### What is expected
Write out each line of the material exactly as given, and drop the images.

### Provided material

----------------

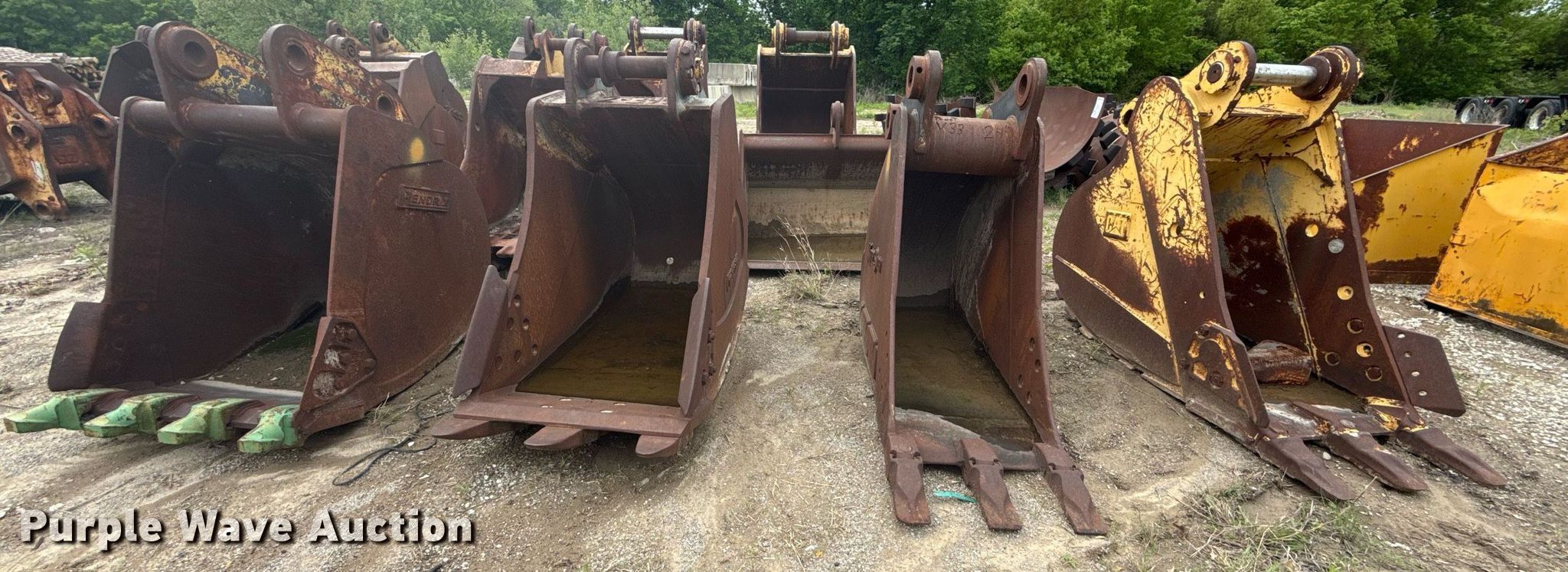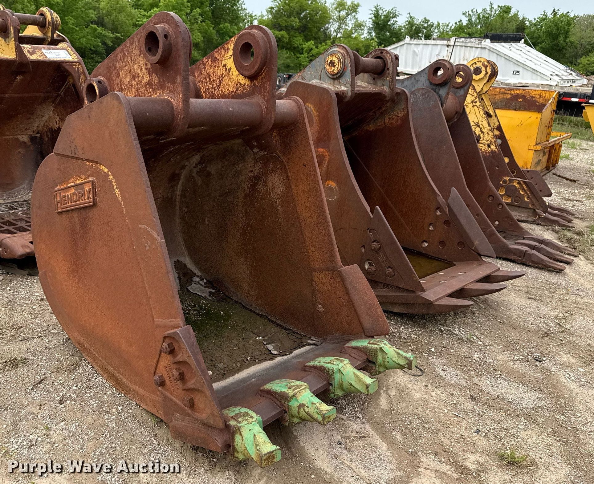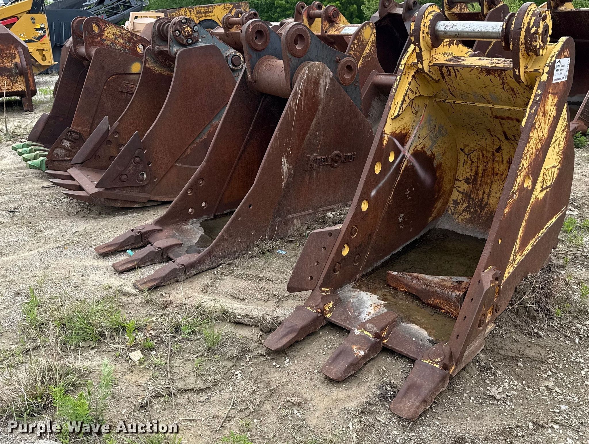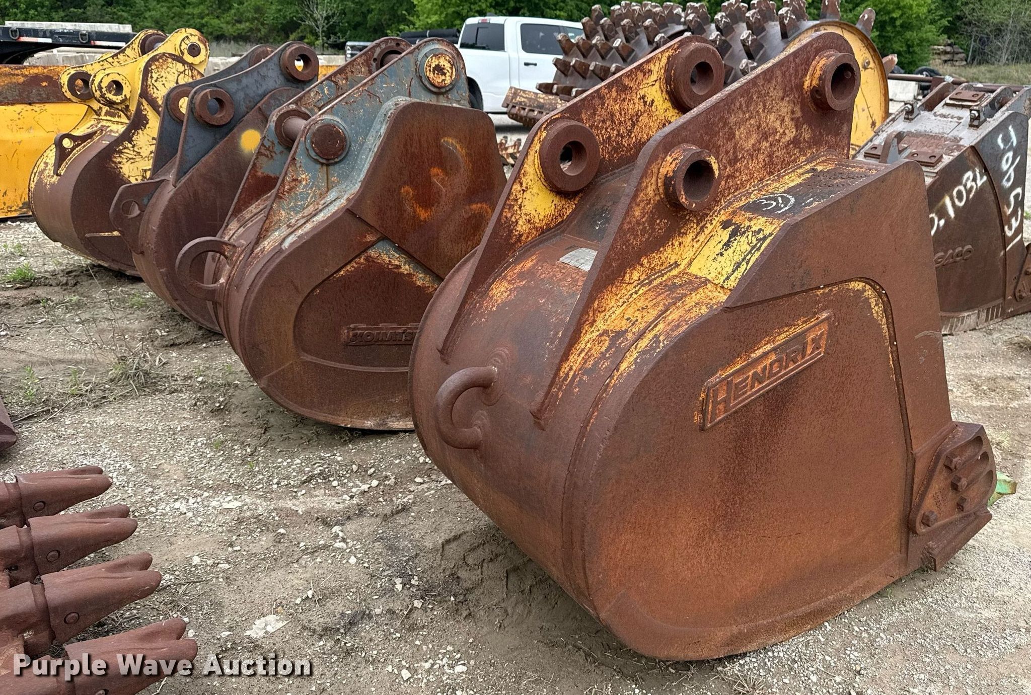Purple Wave is selling a used Bucket or Loader Attach. in Oklahoma. This item is a (4) buckets with the following: Caterpillar, Width: 28�, Teeth: 3, Kirby Smith, Width: 24�, Teeth: 3, Komatsu, Width: 31�, Teeth: 3, Hendrix, Width: 36�, Teeth: 4
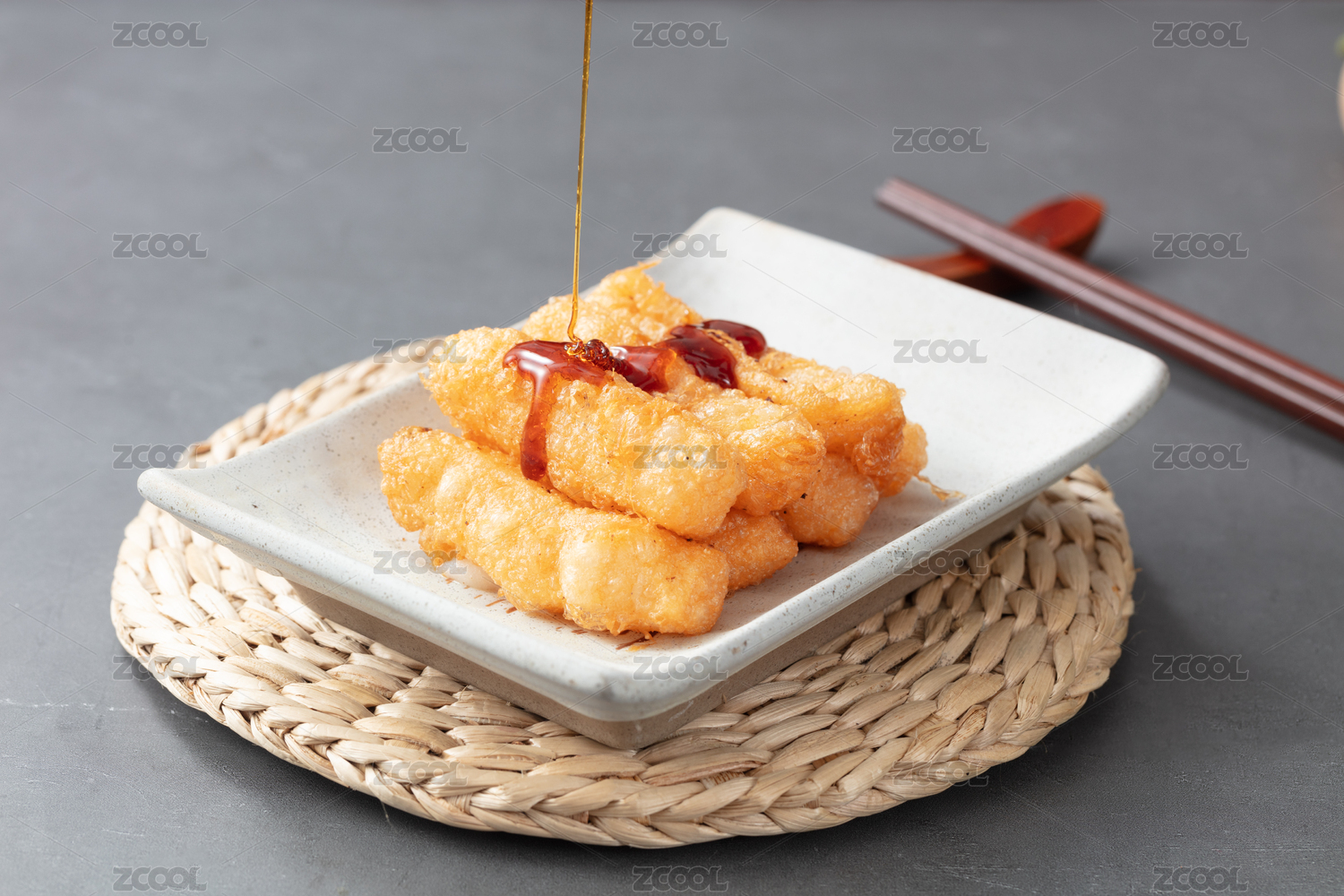 碗里的小吃油炸紅糖糍粑條糯米粑
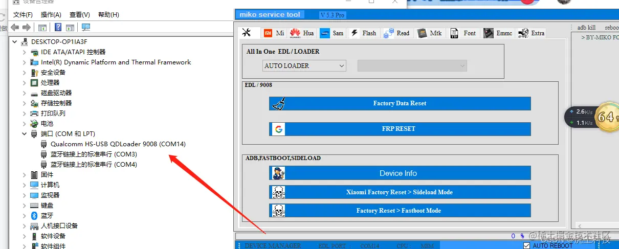 通过软件进入9008,正常情况下,是9091

----------------

### Answer to this exercise
Purple Wave is selling a used Bucket or Loader Attach. in Oklahoma. This item is a (4) buckets with the following: Caterpillar, Width: 28�, Teeth: 3, Kirby Smith, Width: 24�, Teeth: 3, Komatsu, Width: 31�, Teeth: 3, Hendrix, Width: 36�, Teeth: 4
 碗里的小吃油炸紅糖糍粑條糯米粑
 通过软件进入9008,正常情况下,是9091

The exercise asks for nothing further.